Assignment: Without any pictures, output the records exactly as they are.

Records for the task:
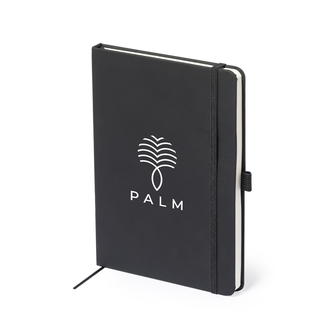 Bloc de notas fabricado en polipiel de elegante acabado en negro. Con tapas duras, marcapáginas y elástico de sujeción a juego. Interior con 100 hojas de disposición a 1 raya y soporte para bolígrafo (bolígrafo no incluido). Portada Rígida. 100 Hojas
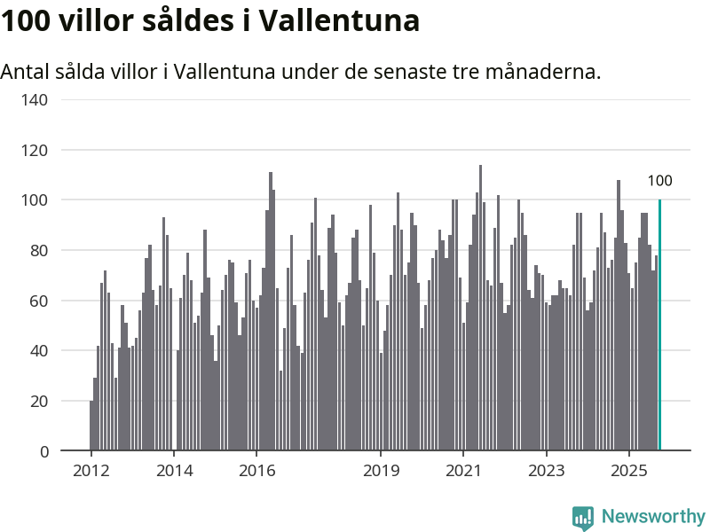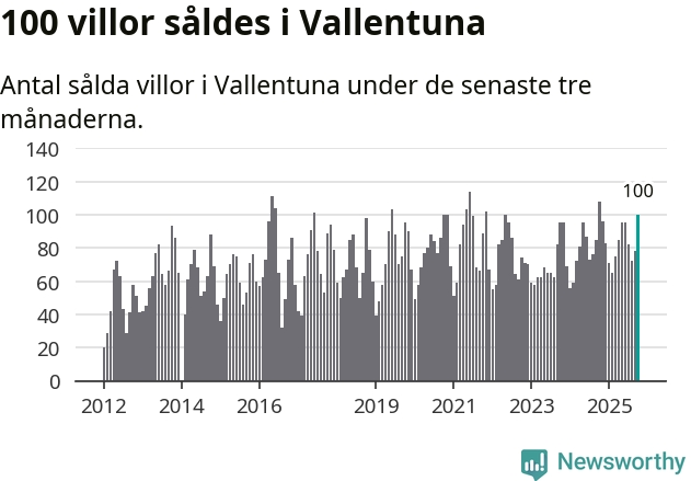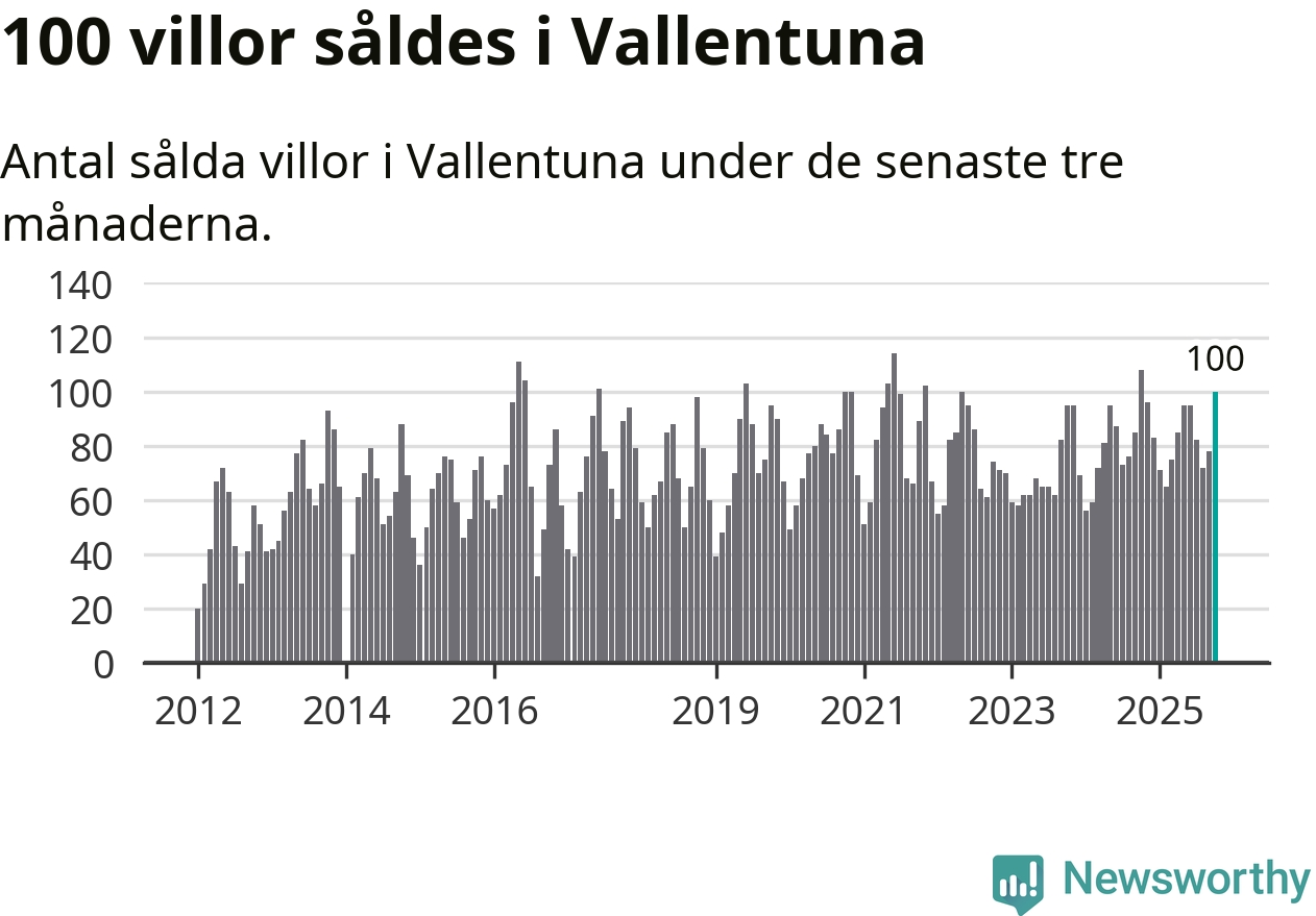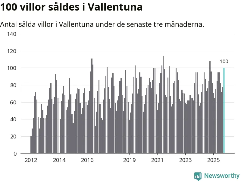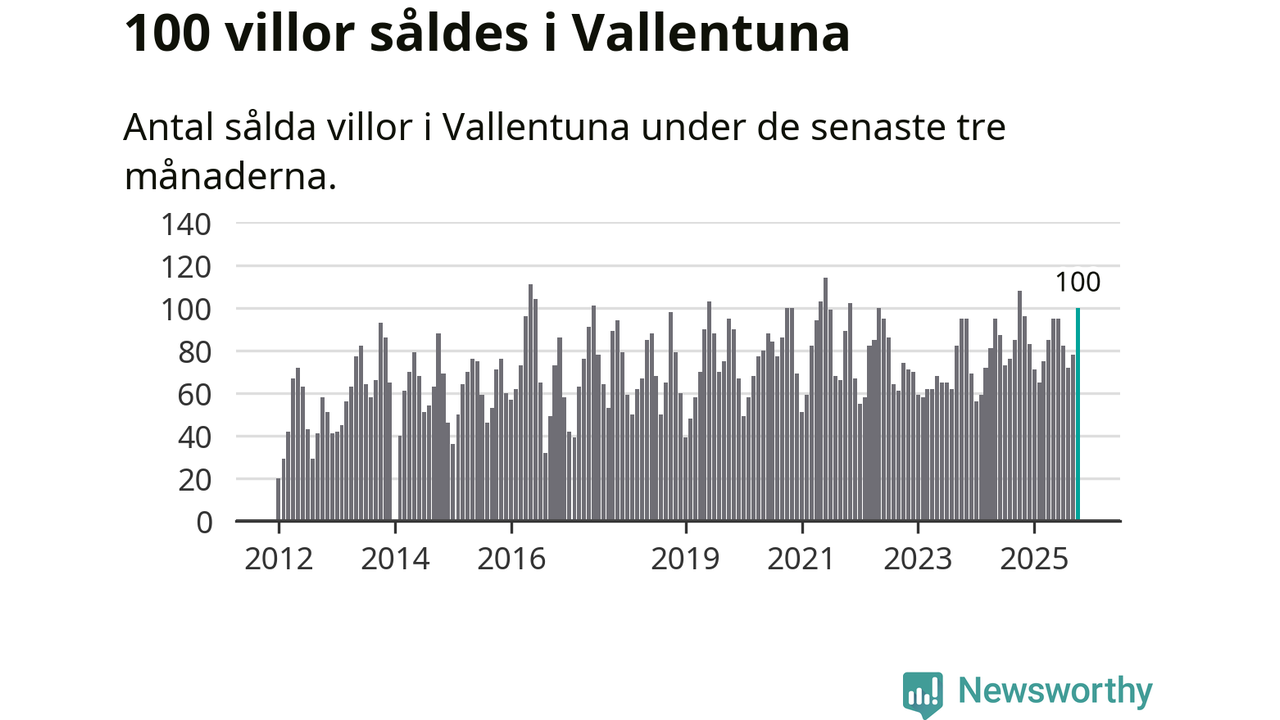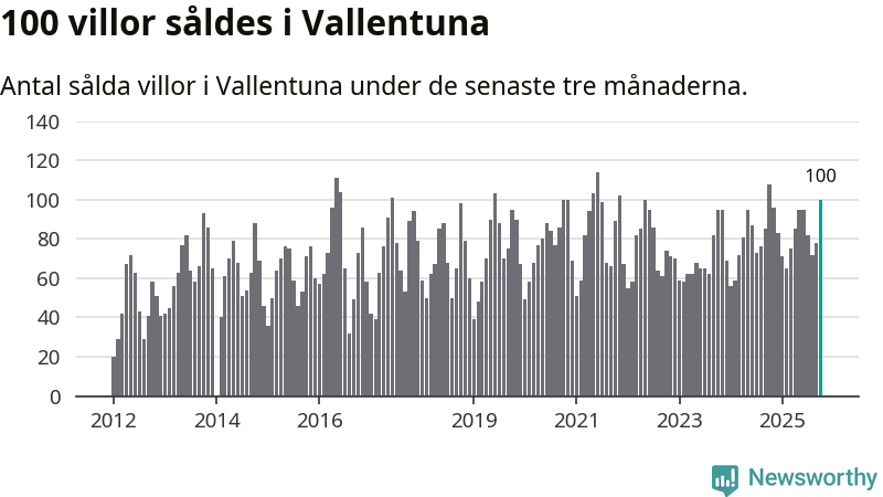 Sammanlagt såldes 100 villor i Vallentuna kommun mellan augusti och oktober till ett genomsnittligt pris på 5,3 miljoner kronor. I fjol gjordes 108 affärer vid den här tiden på året.
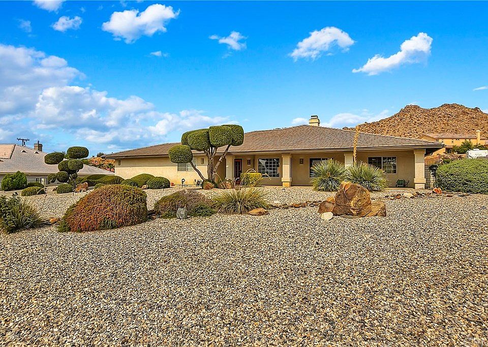 ***THIS ONE HAS IT ALL!***EXCLUSIVE DESERT KNOLLS AREA, Single Story**TOTALLY UPGRADED **AMAZING VIEW LOT **STUNNING HOME with ATTACHED 2.5 Car ( BOAT DEEP Garage) PLUS a DETACHED GARAGE!/ WORKSHOP !!!! You will be impressed with EVERYTHING here! You are welcomed by Wood-Look Tile throughout ( durable and easy to clean ) into your Formal Dining Area over looking your Sunken Living Area with Bright Bay Windows and currently set up as a Game Room / Bar. You'll then see your Beautiful Upgraded kitchen featuring Crisp White cabinets that pop against your Corian Counters and Stainless Steel Appliances.. So much counterspace and Storage with the additional Center Island as well. Circle around to your Second Living Area so cozy with a Fireplace and Cushy Carpet. This Split Floor Plan offers 3 Bedrooms and One Bath on one side and a Master Retreat with its own wing on the other! The Master Features a door to the backyard , Lots of natural light a LARGE CLOSET and a Beautiful Attached Bathroom with HUGE SHOWER. You'll Even enjoy this home's Laundry Room featuring Sink, Tons of Storage and Folding Area! You won't find another home with this Outdoor SET UP! COVERED PATIO, DESERT SCAPE, BLOCK WALL, and GATED Backyard with DETACHED GARAGE AND a WORKSHOP! Enjoy the GORGEOUS MOUNTAINS IN BACK AND CITY VIEWS as well!!! AMPLE PARKING SPACE for RV/TOYS and Multiple Vehicles!!!
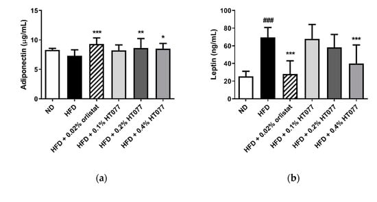 3.4. Effects of HT077on Serum Adipokine Concentrations
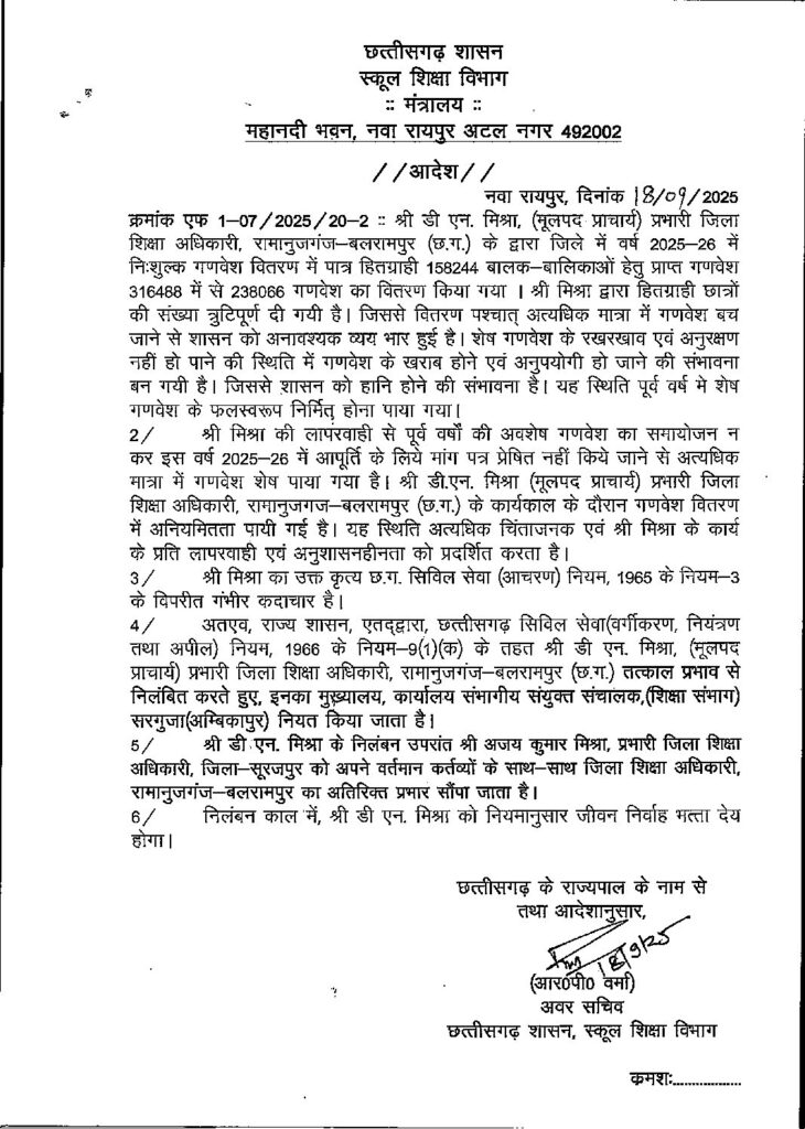 बलरामपुर : डी एन. मिश्रा, (मूलपद प्राचार्य) प्रभारी जिला शिक्षा अधिकारी, रामानुजगंज-बलरामपुर (छ.ग.) के द्वारा जिले में वर्ष 2025-26 में निःशुल्क गणवेश वितरण में हितग्राही छात्रों की संख्या त्रुटिपूर्ण दी गयी है। जिससे वितरण पश्चात् अत्यधिक मात्रा में गणवेश बच जाने से शासन को अनावश्यक व्यय भार हुई है। शेष गणवेश के रखरखाव एवं अनुरक्षण नहीं हो पाने की स्थिति में गणवेश के खराब होने एवं अनुपयोगी हो जाने की संभावना बन गयी है। जिससे शासन को हानि होने की संभावना है।
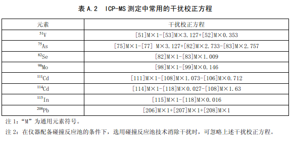 表A.1 給出了 ICP-MS 測(cè)定中常見的多原子離子干擾,表A.2 給出了常用的干擾校正方程。
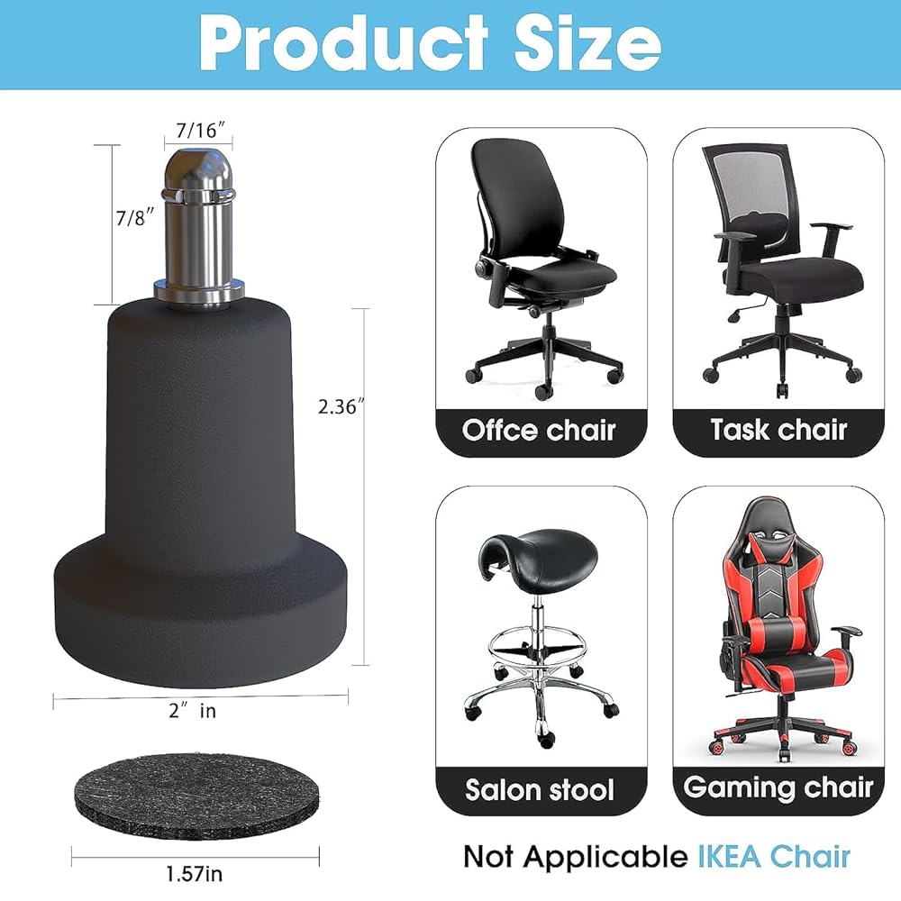 أكثر أمانًا من العجلات: شرائح الكرسي التي تحول كراسي المكتب ذات العجلات إلى كراسي ثابتة (كراسي الألعاب، كراسي المكتب)، تمنع الانزلاق وتعمل بشكل أكثر كفاءة، وتوفر مقعدًا أكثر أمانًا لأولئك الذين لديهم صعوبة في الدخول والخروج من الكرسي عندما يرتفع الكرسي من طاولة أو مكتب

Task output:
 Bloc de notas fabricado en polipiel de elegante acabado en negro. Con tapas duras, marcapáginas y elástico de sujeción a juego. Interior con 100 hojas de disposición a 1 raya y soporte para bolígrafo (bolígrafo no incluido). Portada Rígida. 100 Hojas
 Sammanlagt såldes 100 villor i Vallentuna kommun mellan augusti och oktober till ett genomsnittligt pris på 5,3 miljoner kronor. I fjol gjordes 108 affärer vid den här tiden på året.
 ***THIS ONE HAS IT ALL!***EXCLUSIVE DESERT KNOLLS AREA, Single Story**TOTALLY UPGRADED **AMAZING VIEW LOT **STUNNING HOME with ATTACHED 2.5 Car ( BOAT DEEP Garage) PLUS a DETACHED GARAGE!/ WORKSHOP !!!! You will be impressed with EVERYTHING here! You are welcomed by Wood-Look Tile throughout ( durable and easy to clean ) into your Formal Dining Area over looking your Sunken Living Area with Bright Bay Windows and currently set up as a Game Room / Bar. You'll then see your Beautiful Upgraded kitchen featuring Crisp White cabinets that pop against your Corian Counters and Stainless Steel Appliances.. So much counterspace and Storage with the additional Center Island as well. Circle around to your Second Living Area so cozy with a Fireplace and Cushy Carpet. This Split Floor Plan offers 3 Bedrooms and One Bath on one side and a Master Retreat with its own wing on the other! The Master Features a door to the backyard , Lots of natural light a LARGE CLOSET and a Beautiful Attached Bathroom with HUGE SHOWER. You'll Even enjoy this home's Laundry Room featuring Sink, Tons of Storage and Folding Area! You won't find another home with this Outdoor SET UP! COVERED PATIO, DESERT SCAPE, BLOCK WALL, and GATED Backyard with DETACHED GARAGE AND a WORKSHOP! Enjoy the GORGEOUS MOUNTAINS IN BACK AND CITY VIEWS as well!!! AMPLE PARKING SPACE for RV/TOYS and Multiple Vehicles!!!
 3.4. Effects of HT077on Serum Adipokine Concentrations
 बलरामपुर : डी एन. मिश्रा, (मूलपद प्राचार्य) प्रभारी जिला शिक्षा अधिकारी, रामानुजगंज-बलरामपुर (छ.ग.) के द्वारा जिले में वर्ष 2025-26 में निःशुल्क गणवेश वितरण में हितग्राही छात्रों की संख्या त्रुटिपूर्ण दी गयी है। जिससे वितरण पश्चात् अत्यधिक मात्रा में गणवेश बच जाने से शासन को अनावश्यक व्यय भार हुई है। शेष गणवेश के रखरखाव एवं अनुरक्षण नहीं हो पाने की स्थिति में गणवेश के खराब होने एवं अनुपयोगी हो जाने की संभावना बन गयी है। जिससे शासन को हानि होने की संभावना है।
 表A.1 給出了 ICP-MS 測(cè)定中常見的多原子離子干擾,表A.2 給出了常用的干擾校正方程。
 أكثر أمانًا من العجلات: شرائح الكرسي التي تحول كراسي المكتب ذات العجلات إلى كراسي ثابتة (كراسي الألعاب، كراسي المكتب)، تمنع الانزلاق وتعمل بشكل أكثر كفاءة، وتوفر مقعدًا أكثر أمانًا لأولئك الذين لديهم صعوبة في الدخول والخروج من الكرسي عندما يرتفع الكرسي من طاولة أو مكتب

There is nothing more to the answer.